> [Assignment]: Which lines belong in your copy? Those from the start of the data through the line with "От един комплект", exactly as written, without any pictures.

- - - -

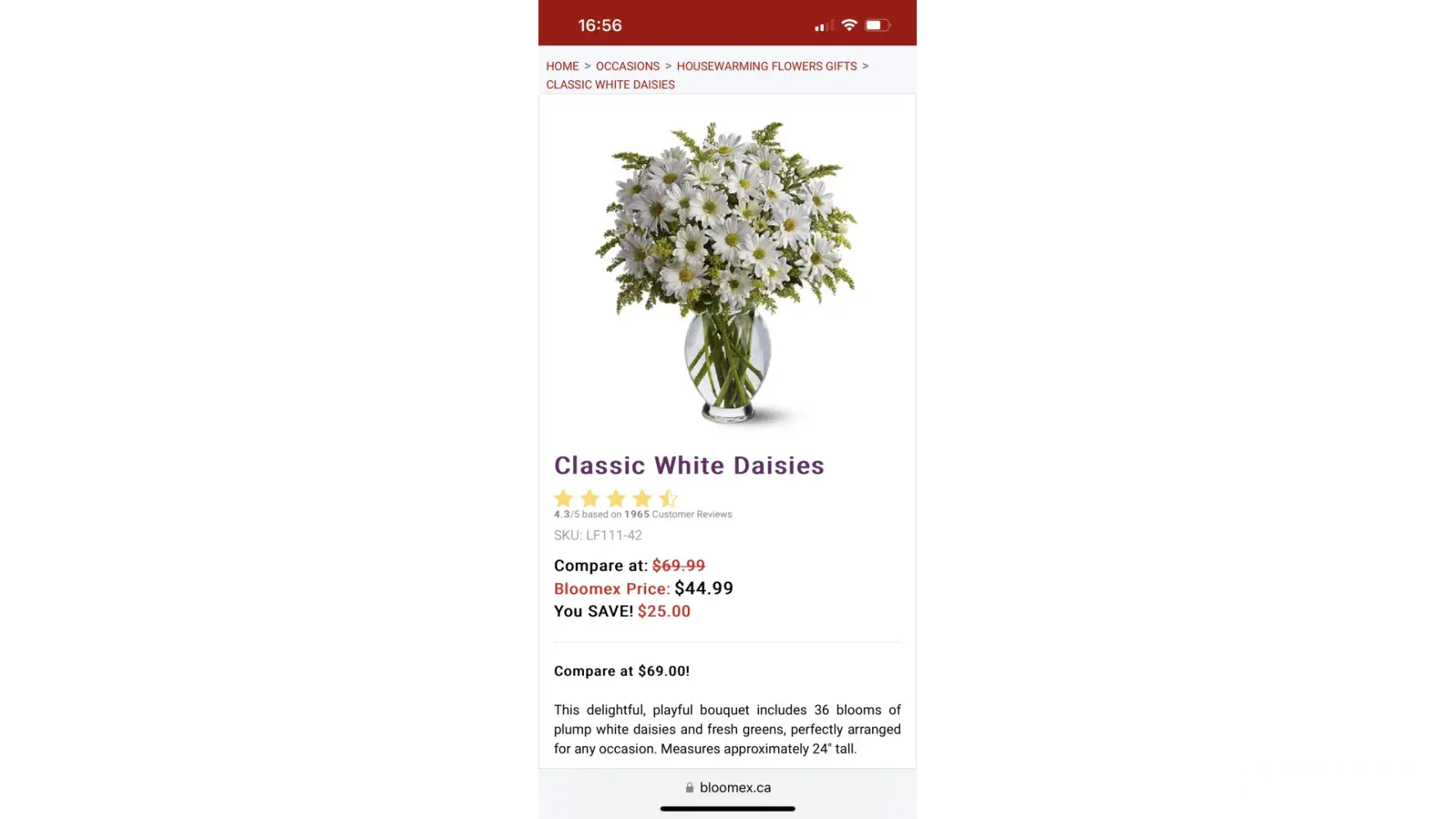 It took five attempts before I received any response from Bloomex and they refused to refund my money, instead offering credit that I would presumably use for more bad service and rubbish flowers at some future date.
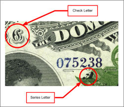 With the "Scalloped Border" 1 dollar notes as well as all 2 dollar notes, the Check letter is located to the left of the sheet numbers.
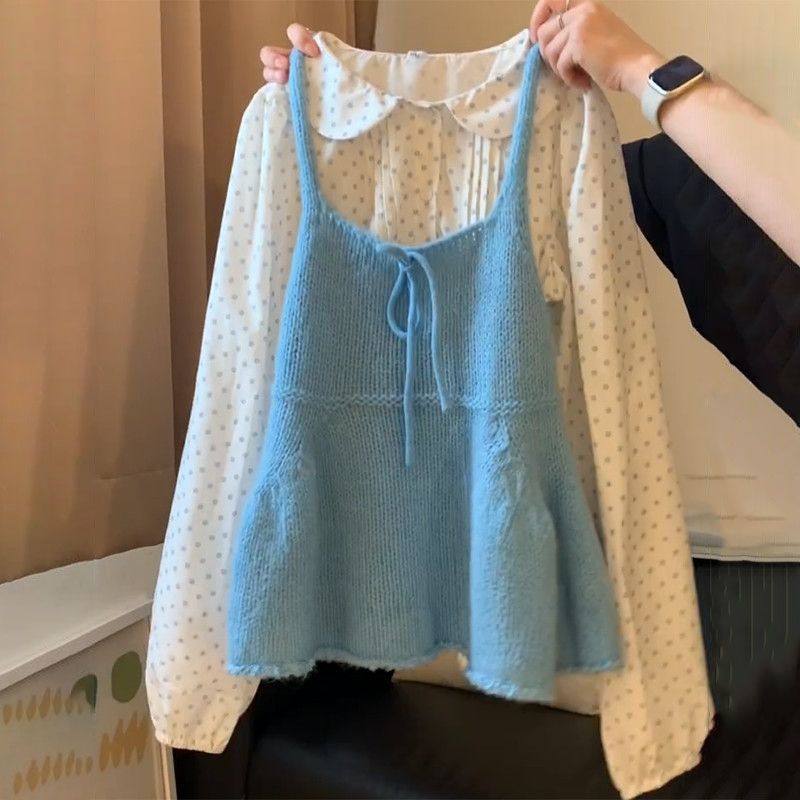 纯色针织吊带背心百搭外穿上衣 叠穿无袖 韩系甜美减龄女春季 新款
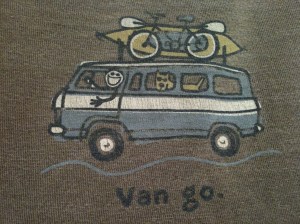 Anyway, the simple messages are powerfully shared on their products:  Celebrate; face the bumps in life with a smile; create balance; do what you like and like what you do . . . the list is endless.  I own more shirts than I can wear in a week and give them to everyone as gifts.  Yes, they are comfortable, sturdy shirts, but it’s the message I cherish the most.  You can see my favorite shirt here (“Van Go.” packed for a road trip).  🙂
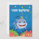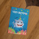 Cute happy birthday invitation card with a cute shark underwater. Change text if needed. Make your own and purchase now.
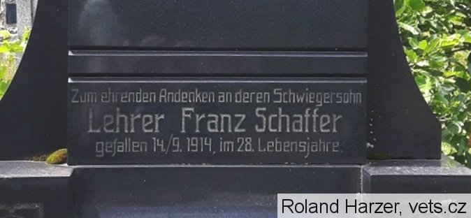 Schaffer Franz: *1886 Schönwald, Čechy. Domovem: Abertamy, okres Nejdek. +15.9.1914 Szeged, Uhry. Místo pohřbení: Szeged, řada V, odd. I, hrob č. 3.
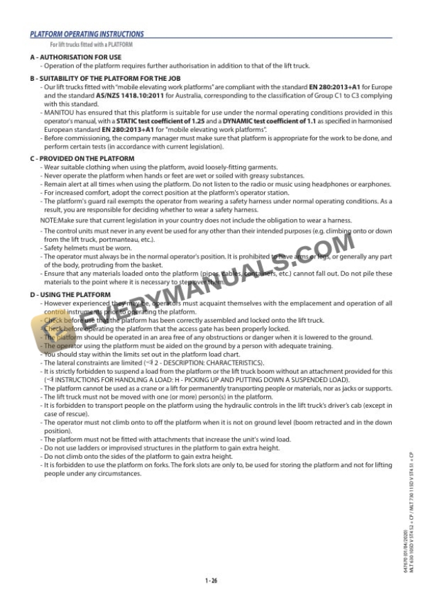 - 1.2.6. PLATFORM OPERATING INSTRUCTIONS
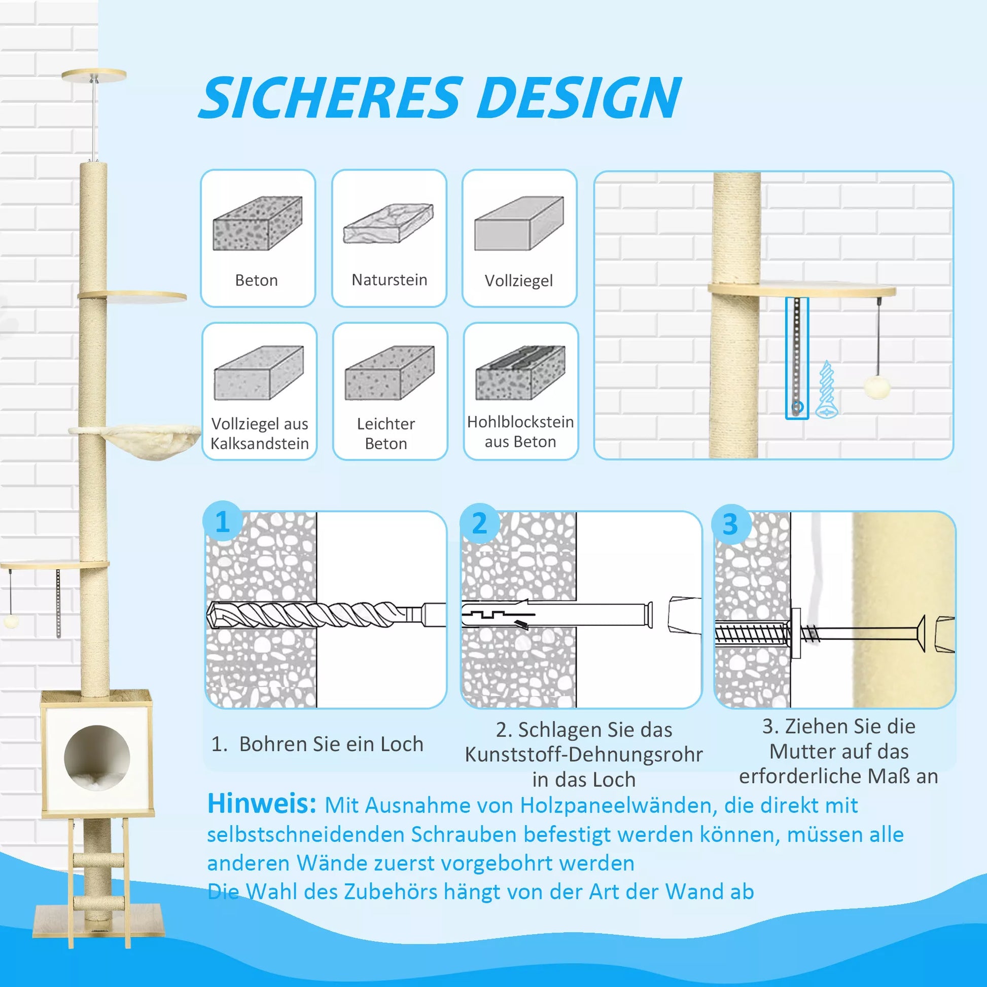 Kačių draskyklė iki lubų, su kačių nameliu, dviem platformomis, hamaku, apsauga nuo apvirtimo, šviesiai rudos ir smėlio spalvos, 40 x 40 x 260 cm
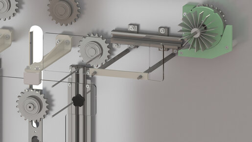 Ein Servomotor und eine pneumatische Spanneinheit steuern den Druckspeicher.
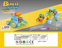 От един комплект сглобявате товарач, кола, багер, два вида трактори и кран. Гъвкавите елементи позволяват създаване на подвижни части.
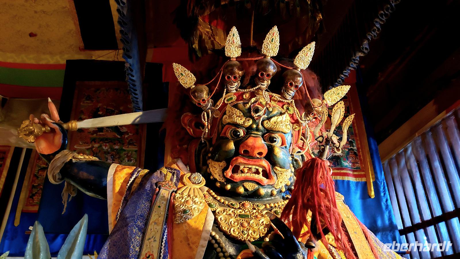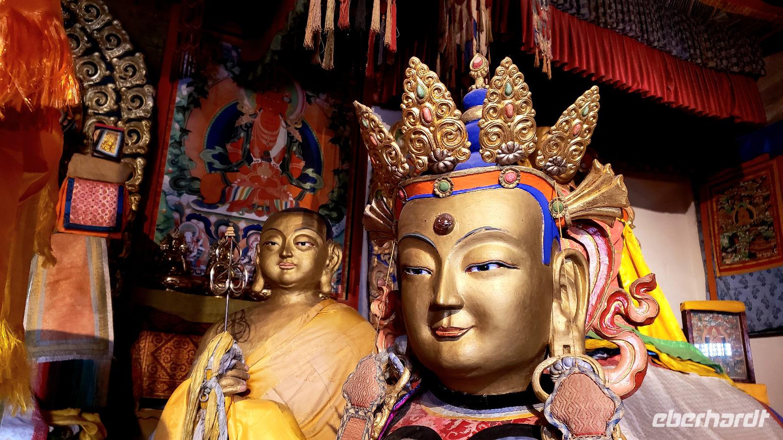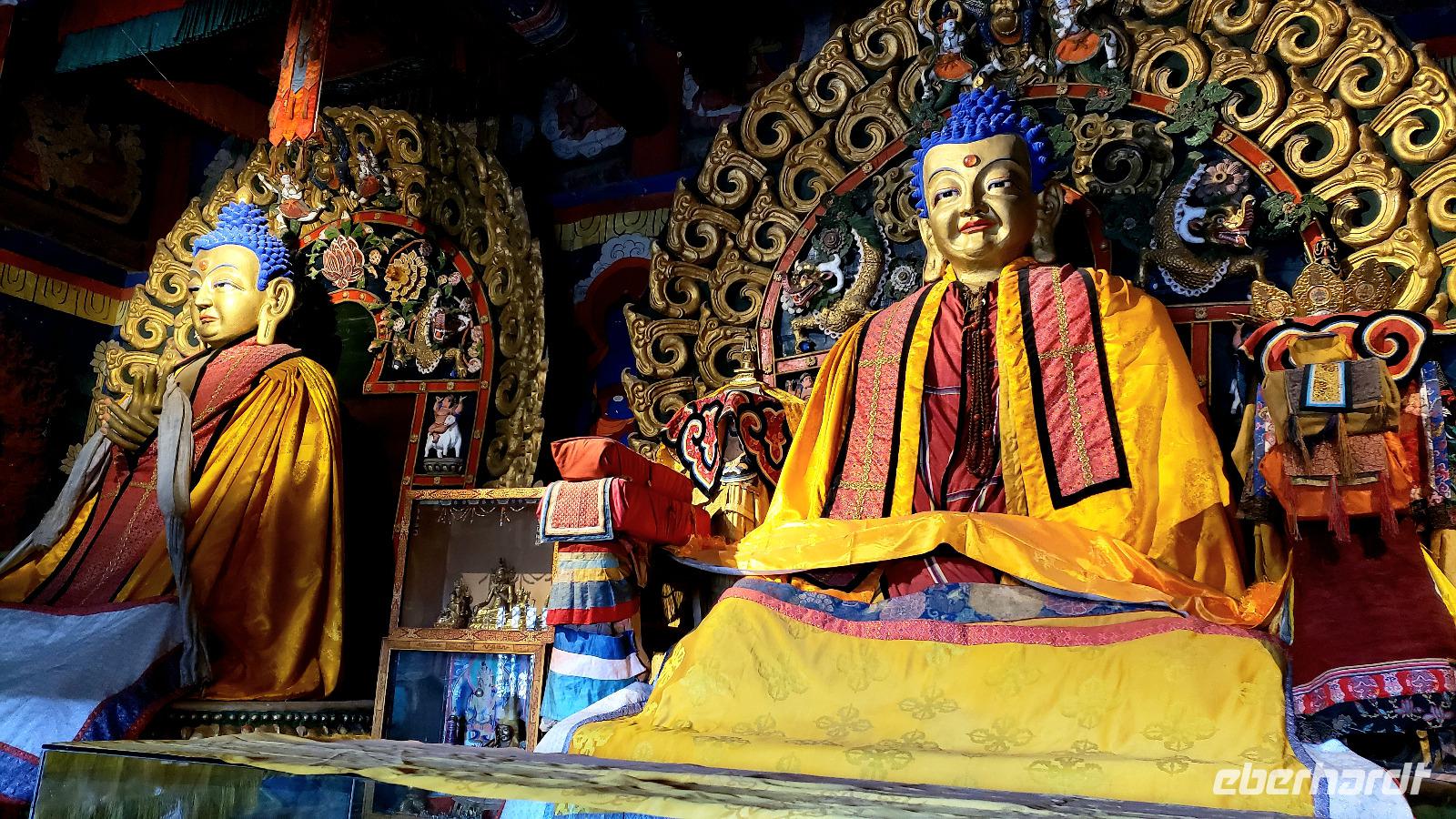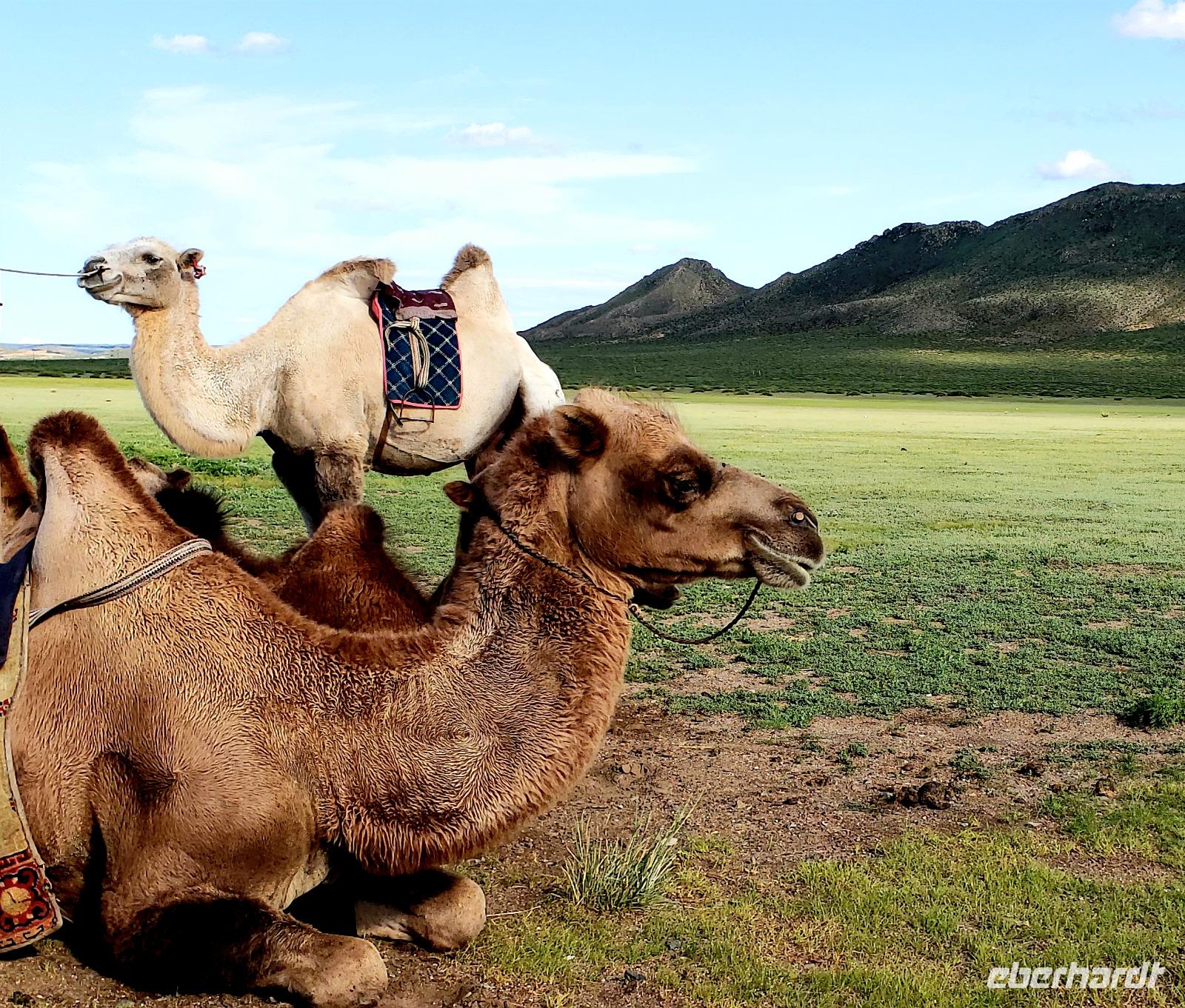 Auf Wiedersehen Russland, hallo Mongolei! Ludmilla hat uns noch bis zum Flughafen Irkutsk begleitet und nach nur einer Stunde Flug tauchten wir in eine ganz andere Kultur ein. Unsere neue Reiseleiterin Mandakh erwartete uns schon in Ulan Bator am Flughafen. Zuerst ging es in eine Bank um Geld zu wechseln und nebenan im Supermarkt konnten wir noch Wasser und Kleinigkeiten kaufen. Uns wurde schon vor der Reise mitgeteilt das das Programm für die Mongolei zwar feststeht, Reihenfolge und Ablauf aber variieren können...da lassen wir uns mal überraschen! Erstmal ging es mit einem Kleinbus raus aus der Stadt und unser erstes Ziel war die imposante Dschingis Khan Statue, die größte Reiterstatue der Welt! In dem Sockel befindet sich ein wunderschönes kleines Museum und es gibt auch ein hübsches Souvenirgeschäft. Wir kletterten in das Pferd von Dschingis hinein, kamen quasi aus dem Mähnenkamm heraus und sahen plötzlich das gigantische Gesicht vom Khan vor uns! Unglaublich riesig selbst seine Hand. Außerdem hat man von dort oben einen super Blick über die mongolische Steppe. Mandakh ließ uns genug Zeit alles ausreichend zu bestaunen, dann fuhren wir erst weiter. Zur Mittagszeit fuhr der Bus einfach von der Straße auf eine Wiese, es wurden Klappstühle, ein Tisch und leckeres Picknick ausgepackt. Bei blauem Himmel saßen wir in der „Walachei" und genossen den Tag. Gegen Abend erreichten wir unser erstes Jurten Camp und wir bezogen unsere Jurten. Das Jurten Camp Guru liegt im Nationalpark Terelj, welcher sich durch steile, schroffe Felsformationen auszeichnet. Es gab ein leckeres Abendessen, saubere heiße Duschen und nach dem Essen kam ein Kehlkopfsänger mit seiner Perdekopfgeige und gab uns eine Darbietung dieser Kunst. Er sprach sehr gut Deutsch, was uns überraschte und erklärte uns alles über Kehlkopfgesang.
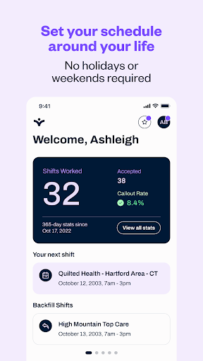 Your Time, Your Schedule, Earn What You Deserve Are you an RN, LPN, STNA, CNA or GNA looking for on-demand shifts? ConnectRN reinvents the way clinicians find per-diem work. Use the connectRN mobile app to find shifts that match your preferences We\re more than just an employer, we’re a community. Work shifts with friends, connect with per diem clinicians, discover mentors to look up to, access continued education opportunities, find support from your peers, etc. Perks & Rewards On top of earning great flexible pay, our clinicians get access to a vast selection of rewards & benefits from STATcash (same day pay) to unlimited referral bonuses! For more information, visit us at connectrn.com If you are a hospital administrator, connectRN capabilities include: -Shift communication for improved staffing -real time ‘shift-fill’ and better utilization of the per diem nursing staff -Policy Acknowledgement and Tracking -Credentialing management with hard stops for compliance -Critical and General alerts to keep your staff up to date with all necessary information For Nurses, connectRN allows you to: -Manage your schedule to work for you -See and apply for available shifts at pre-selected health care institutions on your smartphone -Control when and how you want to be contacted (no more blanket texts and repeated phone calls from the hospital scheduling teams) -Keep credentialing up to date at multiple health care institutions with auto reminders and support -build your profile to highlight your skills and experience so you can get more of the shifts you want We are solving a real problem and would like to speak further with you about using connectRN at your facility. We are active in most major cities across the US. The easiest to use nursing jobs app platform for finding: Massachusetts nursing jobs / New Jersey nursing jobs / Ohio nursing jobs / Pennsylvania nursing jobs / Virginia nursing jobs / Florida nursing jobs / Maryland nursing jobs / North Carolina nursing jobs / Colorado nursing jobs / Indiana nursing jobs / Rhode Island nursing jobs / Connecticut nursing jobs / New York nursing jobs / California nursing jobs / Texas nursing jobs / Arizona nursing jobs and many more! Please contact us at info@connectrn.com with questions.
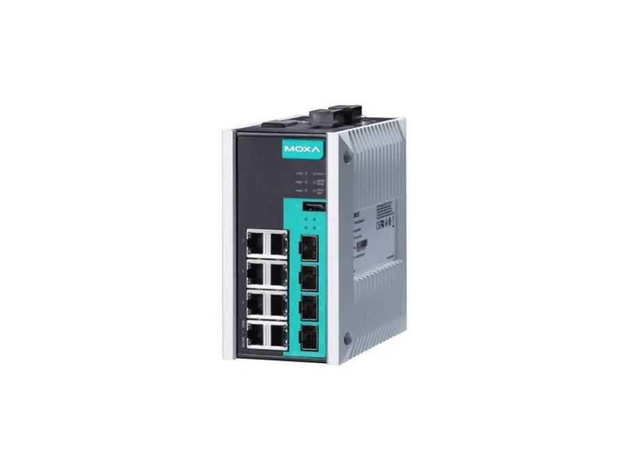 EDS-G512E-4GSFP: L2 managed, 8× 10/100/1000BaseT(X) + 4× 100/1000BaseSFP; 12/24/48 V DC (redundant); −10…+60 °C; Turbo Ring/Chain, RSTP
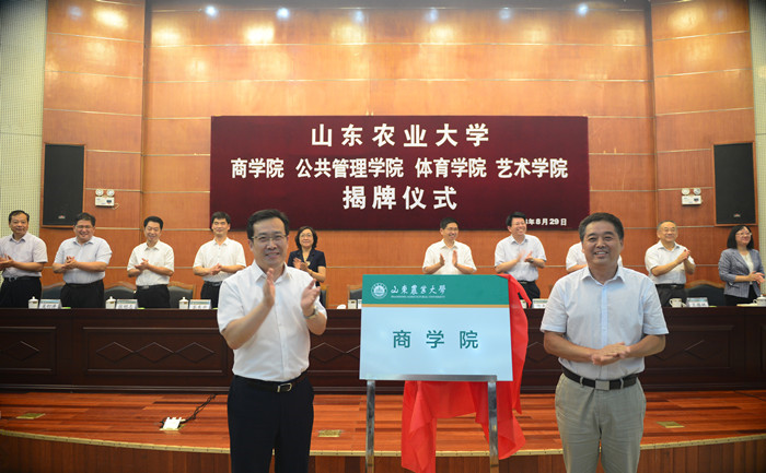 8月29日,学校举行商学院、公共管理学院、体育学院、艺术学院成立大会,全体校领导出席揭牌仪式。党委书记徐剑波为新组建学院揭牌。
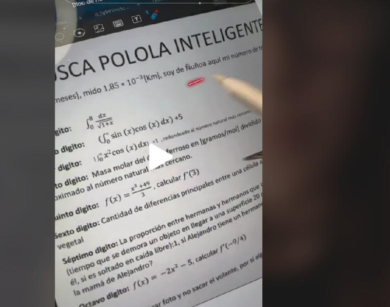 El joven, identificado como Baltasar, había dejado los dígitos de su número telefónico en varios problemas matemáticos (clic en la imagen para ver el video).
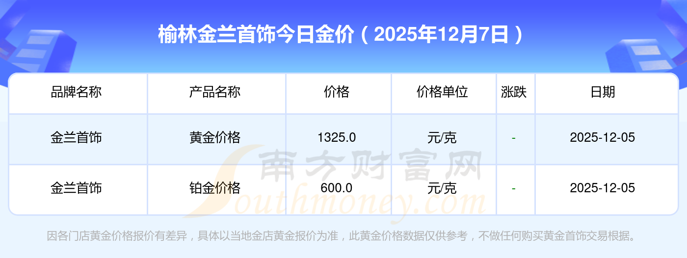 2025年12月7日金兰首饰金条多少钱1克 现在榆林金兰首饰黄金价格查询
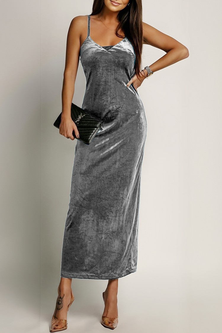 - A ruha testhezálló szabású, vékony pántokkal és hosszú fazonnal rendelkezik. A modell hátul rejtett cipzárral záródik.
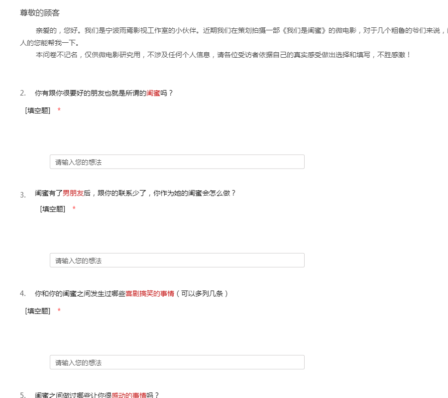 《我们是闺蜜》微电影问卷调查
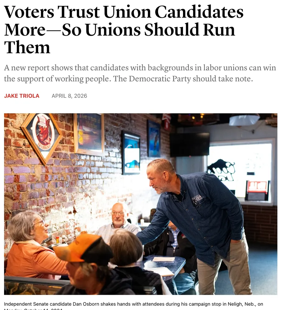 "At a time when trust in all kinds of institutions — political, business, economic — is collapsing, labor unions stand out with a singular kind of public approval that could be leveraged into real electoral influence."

- - - -

> [Final answer]:
 It took five attempts before I received any response from Bloomex and they refused to refund my money, instead offering credit that I would presumably use for more bad service and rubbish flowers at some future date.
 With the "Scalloped Border" 1 dollar notes as well as all 2 dollar notes, the Check letter is located to the left of the sheet numbers.
 纯色针织吊带背心百搭外穿上衣 叠穿无袖 韩系甜美减龄女春季 新款
 Anyway, the simple messages are powerfully shared on their products:  Celebrate; face the bumps in life with a smile; create balance; do what you like and like what you do . . . the list is endless.  I own more shirts than I can wear in a week and give them to everyone as gifts.  Yes, they are comfortable, sturdy shirts, but it’s the message I cherish the most.  You can see my favorite shirt here (“Van Go.” packed for a road trip).  🙂
 Cute happy birthday invitation card with a cute shark underwater. Change text if needed. Make your own and purchase now.
 Schaffer Franz: *1886 Schönwald, Čechy. Domovem: Abertamy, okres Nejdek. +15.9.1914 Szeged, Uhry. Místo pohřbení: Szeged, řada V, odd. I, hrob č. 3.
 - 1.2.6. PLATFORM OPERATING INSTRUCTIONS
 Kačių draskyklė iki lubų, su kačių nameliu, dviem platformomis, hamaku, apsauga nuo apvirtimo, šviesiai rudos ir smėlio spalvos, 40 x 40 x 260 cm
 Ein Servomotor und eine pneumatische Spanneinheit steuern den Druckspeicher.
 От един комплект сглобявате товарач, кола, багер, два вида трактори и кран. Гъвкавите елементи позволяват създаване на подвижни части.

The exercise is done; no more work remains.